That would incur non-trivial maintenance costs, and it would be tricky to get the
broader protection of the existing WARNing "right". E.g. how would KVM know that
the VM-Exit was originally induced by an exception that was queued by userspace?
> We can potentially also avoid adding the field and just plumb the
> argument through to kvm_multiple_exception(), and WARN there if
> nested_run_pending is set and the origin is not userspace?
Not really, because kvm_vcpu_ioctl_x86_set_vcpu_events() doesn't use
kvm_queued_exception(), it stuffs things directly.
That said, if you want to try and code it up, I say go for it. Worst case scenario
you'll have wasted a bit of time.
> > > I think I'm leaning toward (b)? Except for KVM_SET_GUEST_DEBUG, where userspace
> > > is trying to interpose on the guest, restricting ioctls doesn't really add any
> > > value in practice. Yeah, in theory it could _maybe_ prevent userspace from shooting
> > > itself in the foot, but practically speaking, if userspace is restoring state into
> > > a vCPU with nested_run_pending=1, it's either playing on expert mode or is already
> > > completely broken.
> > >
> > > My only hesitation with (b) is that KVM wouldn't be entirely consistent, since
> > > vmx_unhandleable_emulation_required() _does_ explicitly reject a "userspace did
> > > something stupid with nested_run_pending=1" case.
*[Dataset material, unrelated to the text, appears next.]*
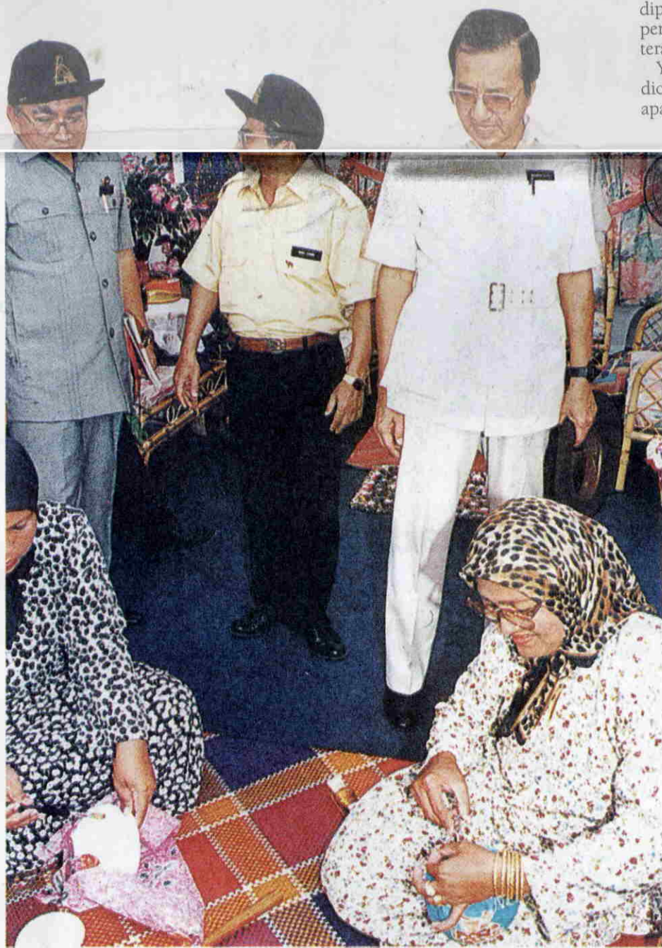
DR. MAHATHIR memerhati demonstrasi kraf tangan oleh penerokawati Felda.

So from that perspective, part
> > > of me wants to get greedy and try for (a).
> >
> > On second (fifth?) thought, I don't think (a) is a good idea. In addition to
> > potentially breaking userspace, it also risks preventing genuinely useful sequences.
> > E.g. even if no VMM does so today, it's entirely plausible that a VMM could want
> > to asynchronously inject an #MC to mimic a broadcast, and that the injection could
> > collide with a pending nested VM-Enter.
> >
> > I'll send a separate (maybe RFC?) series for (b) using patch 1 as a starting point.
> > I want to fiddle around with some ideas, and it'll be faster to sketch things out
> > in code versus trying to describe things in text.
>
> So you'll apply patch 3 as-is, drop patch 2, and (potentially) take
> patch 1 and build another series on top of it?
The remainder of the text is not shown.